Because *S* represents the investment in savings, and we’re told that the investment in the certificate of deposit (CD) is $1,000 more than the investment in savings, the investment in the CD is therefore *S* + 1000, as indicated in the table.

2. *Set up an Equation.* The second column of the table reveals that the sum of the individual investments in the CD and savings totals $10,000. Hence, the equation that models this application is

\[(S + 1000) + S = 10000.\nonumber \]

3. *Solve the Equation*. On the left, regroup and combine like terms.
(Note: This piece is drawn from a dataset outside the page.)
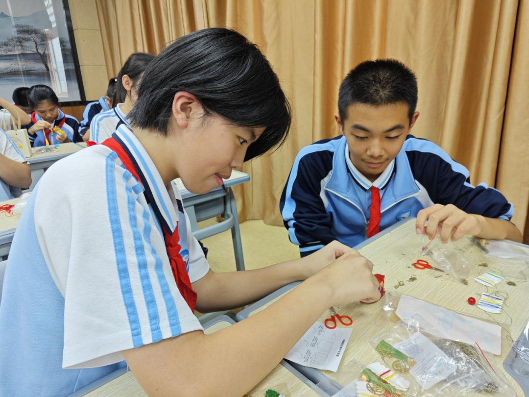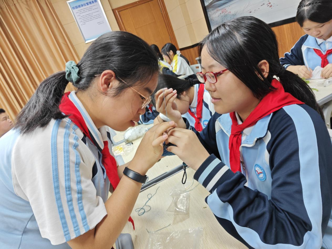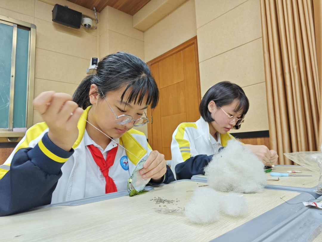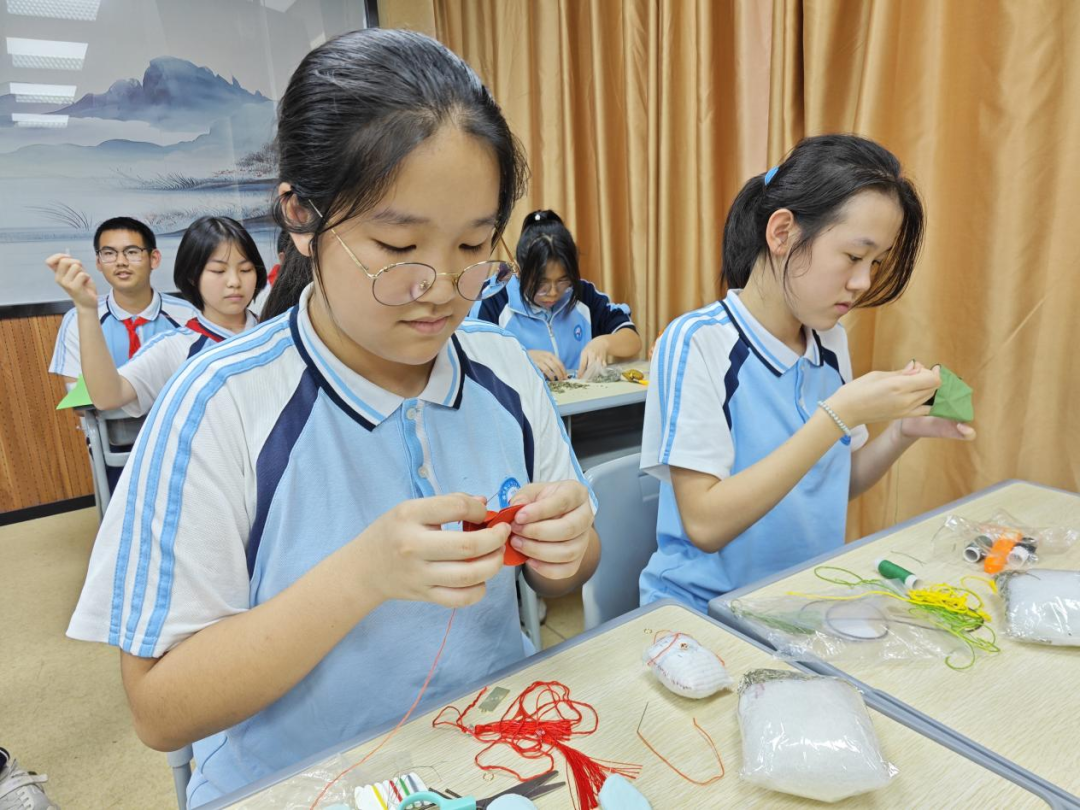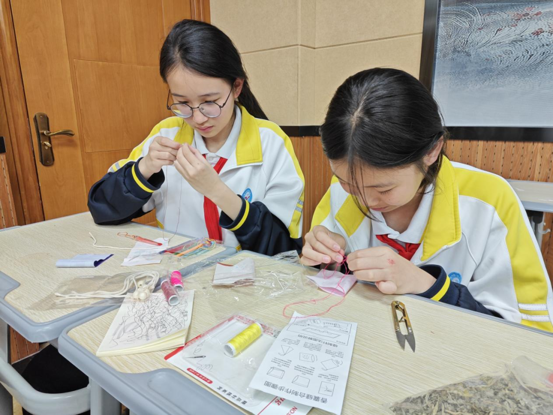 同学们拿出提前准好的材料,穿针、引线、系结、装入艾草,一针一线细密工整,随着一双双巧手上下翻舞,一个个立体饱满、精致美观的香囊跃然而出。

\[2S + 1000 = 10000\nonumber \]

Now, solve.

\[ \begin{aligned} 2S + 1000 -1000 = 1000 - 1000 ~ & \textcolor{red}{ \text{ Subtract 1000 from both sides.}} \\ 2S = 9000 ~ & \textcolor{red}{ \text{ Simplify.}} \\ \frac{2S}{2} = \frac{9000}{2} ~ & \textcolor{red}{ \text{ Divide both sides by 2.}} \\ S = 4500 ~ & \textcolor{red}{ \text{ Simplify.}} \end{aligned}\nonumber \]

4. *Answer the Question*. We’ve only found the investment in savings, but the question also asks for the amount invested in the CD. However, the investment in the CD is easily found by substituting 4500 for S in the expression S + 1000.

S + 1000 = 4500 + 1000

= 5500.

Hence, the investment in savings is $4,500 and the investment in the CD is $5,500.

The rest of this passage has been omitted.